Users make a conscious choice to spend disk space.
- `parse-cache info` shows cache sizes.
- `parse-cache clear --all` provides easy cleanup.
- After writing, the shell prints the cache size as a courtesy:
`Parse cache written: 8.2 GB at ~/.cache/perfetto/parse-cache/a1b2c3`
### Concurrency
- Cache files are written atomically: write to a temporary file, then
rename. This prevents partial reads from concurrent TP instances.
- Multiple TP instances loading the same trace simultaneously may each
write a cache. The last rename wins, which is fine since the content is
identical.
### Architecture summary
```
+------------------+ +-------------------+ +---------------+
| Clients | | Shell layer | | TP core |
| | | (IO lives here) | | (IO-free) |
| CLI user |---->| | | |
| Browser/UI |---->| Cache check/write |---->| Parse() |
| Python API |---->| File I/O | | ExportToArrow |
| | | Background thread | | |
+------------------+ +-------------------+ +---------------+
```
TP core provides the primitives (`ExportToArrow`, import via `Parse`). The
shell layer orchestrates caching. RPC clients provide trace identity
metadata. No caching logic in TP core or the RPC layer itself.
## Alternatives considered
### 1. Cache in TP core
Add cache awareness to `TraceProcessor` directly (e.g., in
`NotifyEndOfFile()` or `Config`).
Pro:
* Single implementation covers all callers.
Con:
* Violates TP's IO-free design. Implicit file writes in a library are
surprising and hard to control.
* TP doesn't know about file paths, mtime, or disk layout.
### 2. SQLite as cache format
Use the existing `ExportTraceToDatabase()` as the cache format instead.
Pro:
* Already implemented.
* Self-describing, queryable directly.
Con:
* Slower to load (SQL overhead, row-oriented).
* Larger on disk for numeric-heavy data.
* Not designed for fast bulk table restoration.
### 3. Automatic caching by default
Enable caching automatically without user opt-in.
Pro:
* Zero-friction fast reloads.
Con:
* Disk bloat can be tremendous and surprising.

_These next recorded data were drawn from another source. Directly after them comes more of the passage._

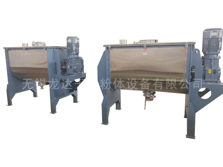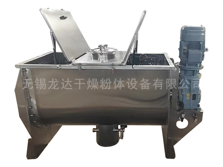 槳葉螺帶混合機由U或圓形容器、螺帶攪拌葉片和傳動部件組成;螺帶狀葉片一般做成雙層或三層,外層螺帶將物料從兩側向中央?yún)R集,內層螺帶將物料從中央向兩側輸送,形成對流混合。螺帶混合機對于粘性或有凝聚性的粉粒體的混合以及粉粒體中添加液體及糊狀物料的混合有良好的效果,筒蓋可做成全開式門,以便于對設備進行清洗更換產品。
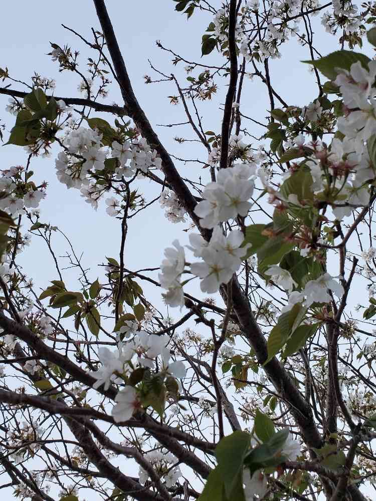 この隣の木は青々と葉が繁っているのにこの桜だけまだお花が!
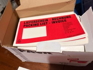 Pack de 500 sobres porta documentos Packing List o Lieferschein - Rechnung. Ideales para envíos. • Texto impreso: Multilingüe (Lieferschein - Rechnung / Packing List - Invoice). • Color: Rojo vibrante de alta visibilidad para que el transportista no lo pase por alto. • Características: • Autoadhesivos: Gran agarre sobre cajas de cartón, plástico o sobres. • Impermeables: Protegen la documentación de la lluvia y el polvo durante el transporte. • Material: Polietileno de alta calidad (PE-LD). • Estado: Completamente nuevos, sin estrenar.
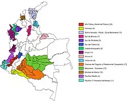 - ↑ (es) Haut Conseil pour l'après-conflit, « ¿ Qué es un PDET ? », sur especiales.presidencia.gov.co (version du sur Internet Archive)
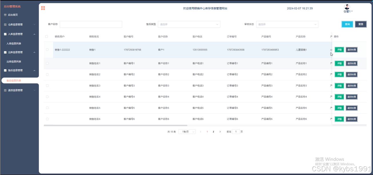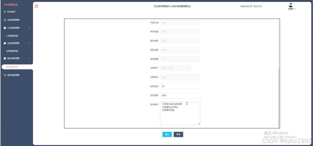 图5-7售后信息管理界面图
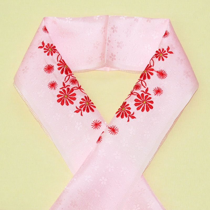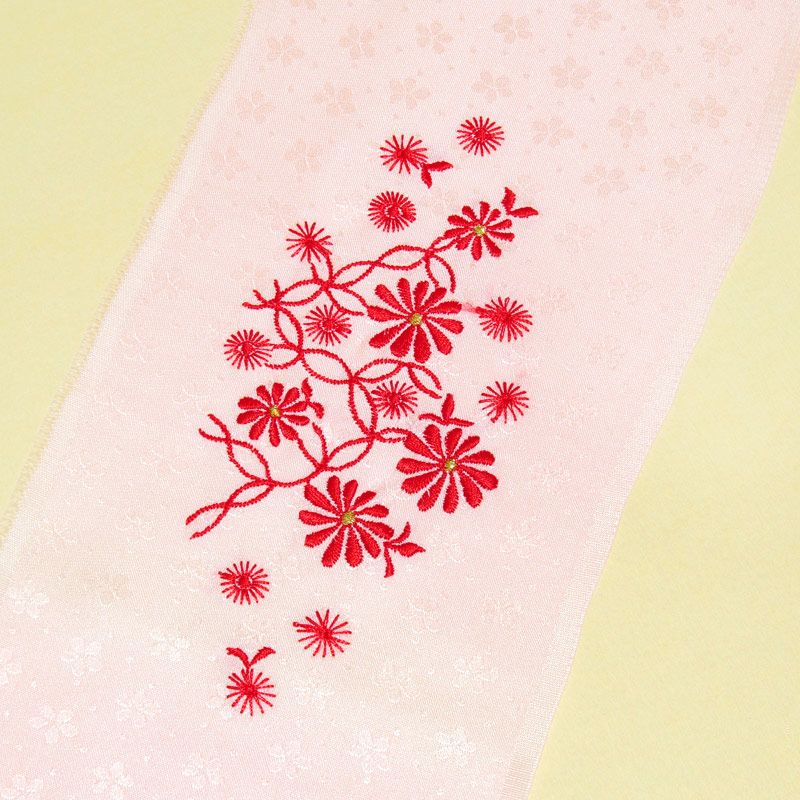 淡いピンクの正絹地に、真っ赤な刺繍が印象的です。大人用より一回り小さいサイズになります。
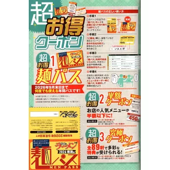 可使用「麵PASS」的58家店舖列表、可使用「半價優惠券」的16家店舖菜單、以及區域別的「究極優惠券」和兌換項目介紹,都在這裡一次收錄。
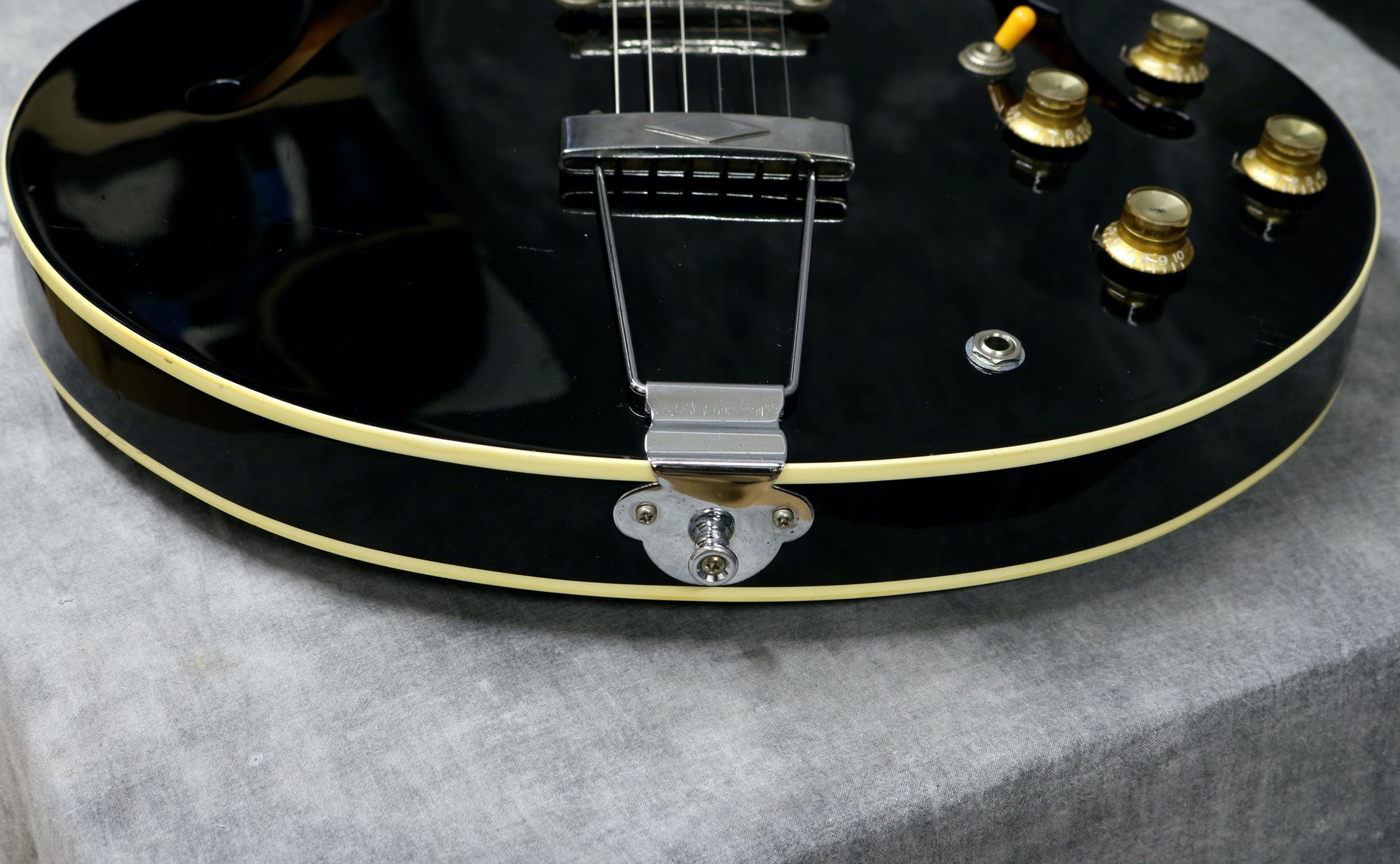 It has a maple neck with a slender and fast C shaped profile. The rosewood fretboard has medium jumbo fretwire. The frets are in great shape with very little sign of wear and the headstock has Kluson Deluxe-style nickel tuners. It has a nickel ABR-1 bridge which has the correct "Made in Japan" text on the underside, and the orange oval label visible through the F hole has the correct five digit serial for Terada production (3 for 1993, 5 for Casino, and a trio of digits for production number).
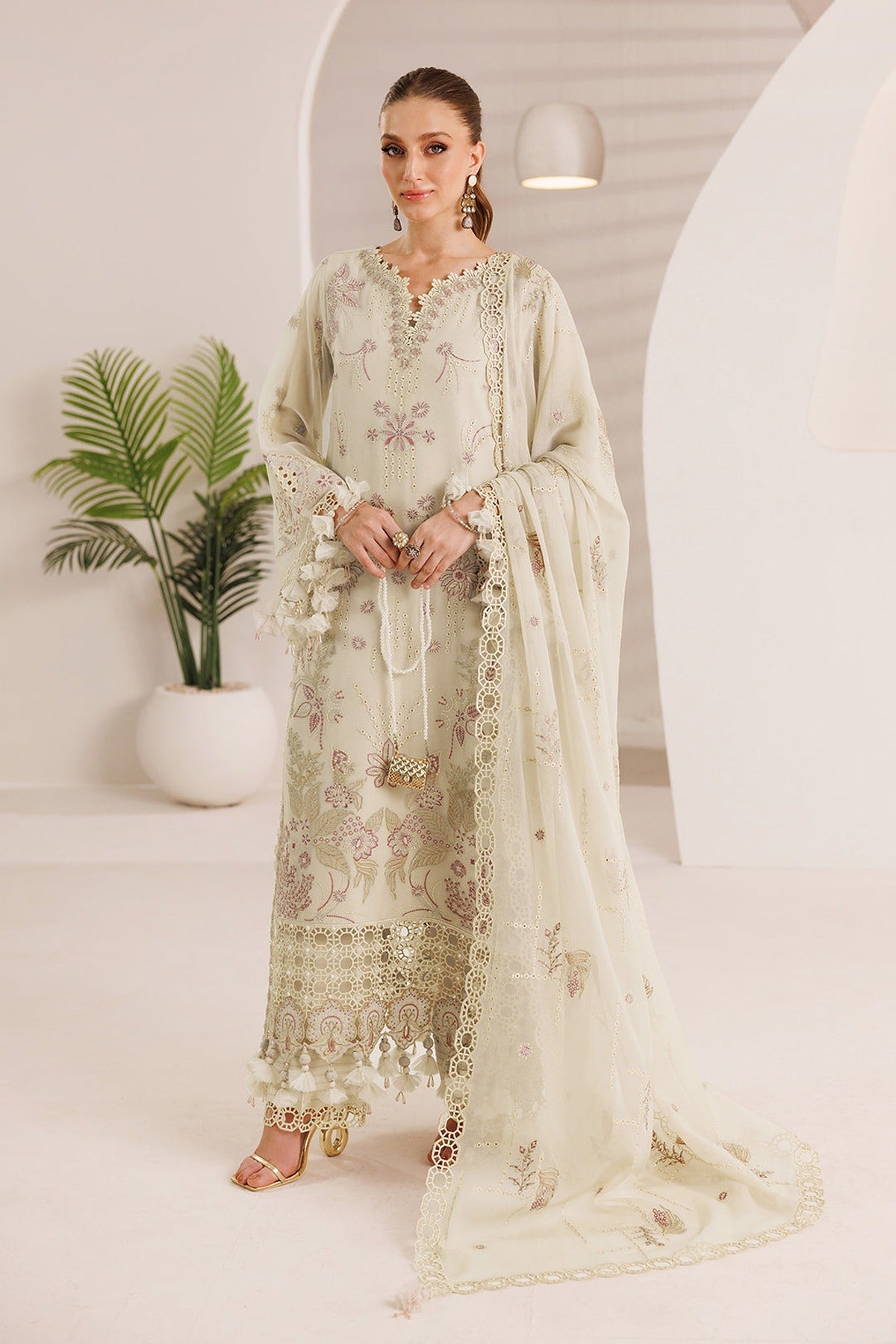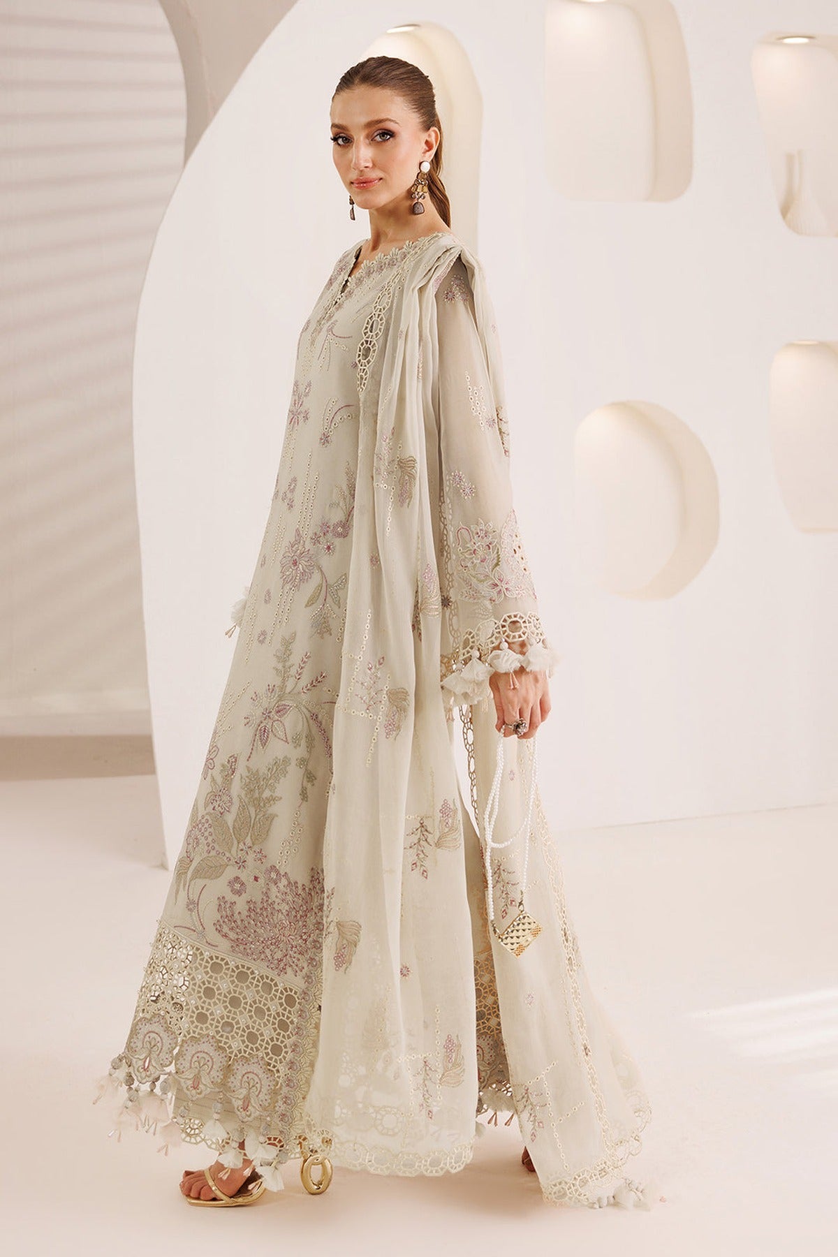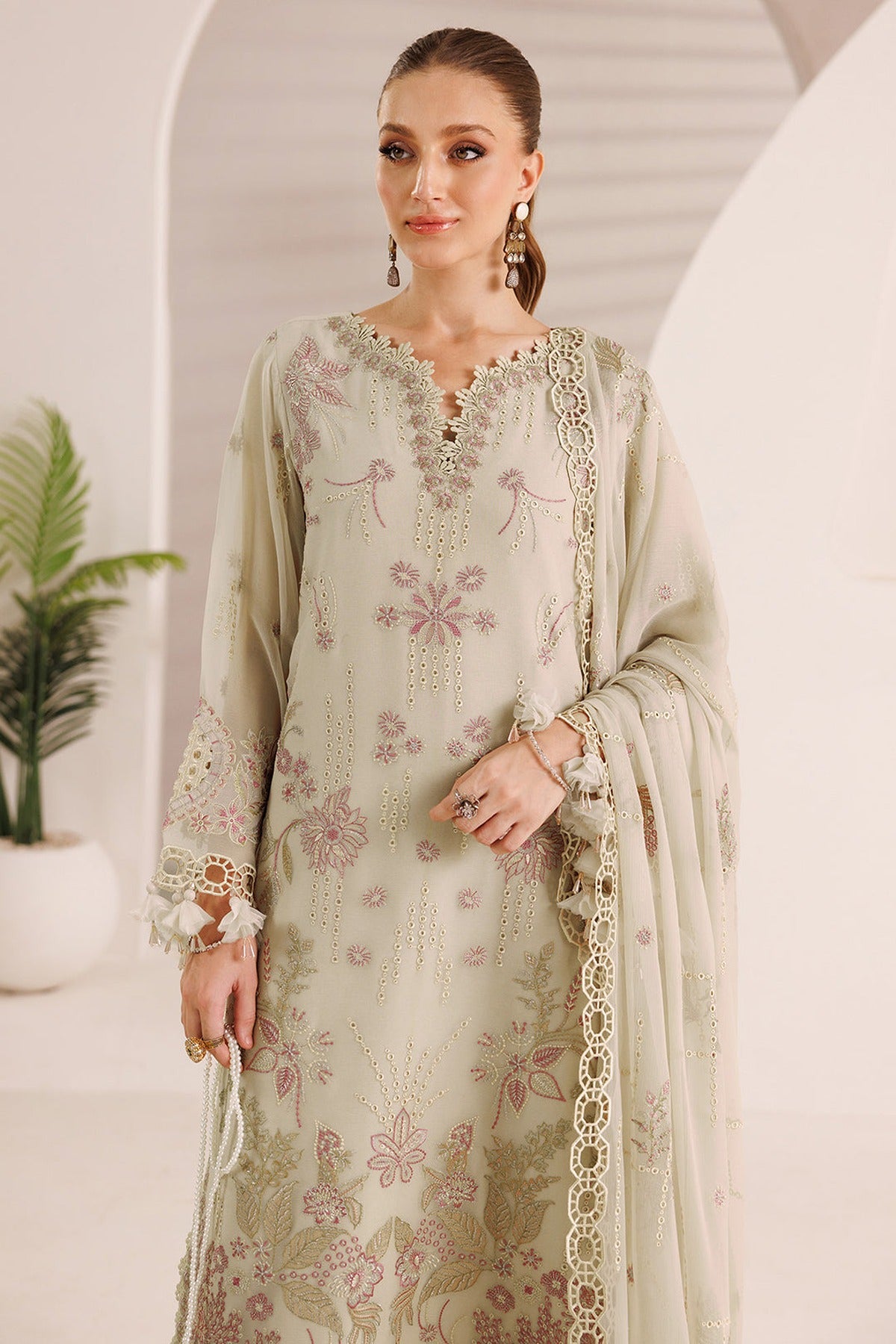 A dusty-hued ensemble with contrasting tonal floral embroidery adorns the chiffon shirt, with beautifully composed motifs brought to life through delicate foil work that adds a soft, shimmering touch. Paired with an intricately embroidered chiffon dupatta and classic raw silk trousers, this look is a graceful blend of texture and tradition.

A 10 GB trace produces a
comparably sized cache silently.
* Dangerous on servers, shared filesystems, CI environments.
* Users should make a conscious choice to spend disk space.
### 4. Content hashing for cache key
Use SHA256 of the full trace content as the cache key instead of
path + size + mtime.
Pro:
* Correct even if a file is modified without changing mtime.
Con:
* Hashing a multi-GB file is slow and defeats the purpose of caching.
* For RPC clients (browser), reading the full file just to compute a
hash is wasteful.
* The mtime + size heuristic is sufficient in practice.
## Open questions
* Should there be a maximum cache directory size with automatic eviction
(LRU)? Or is manual `parse-cache clear` sufficient?
* Should `parse-cache create` support creating caches for multiple traces
at once (e.g., `parse-cache create *.pb`)?
* For the UI: should the cache directory be configurable via the httpd
endpoint, or is `~/.cache/perfetto/parse-cache/` always correct?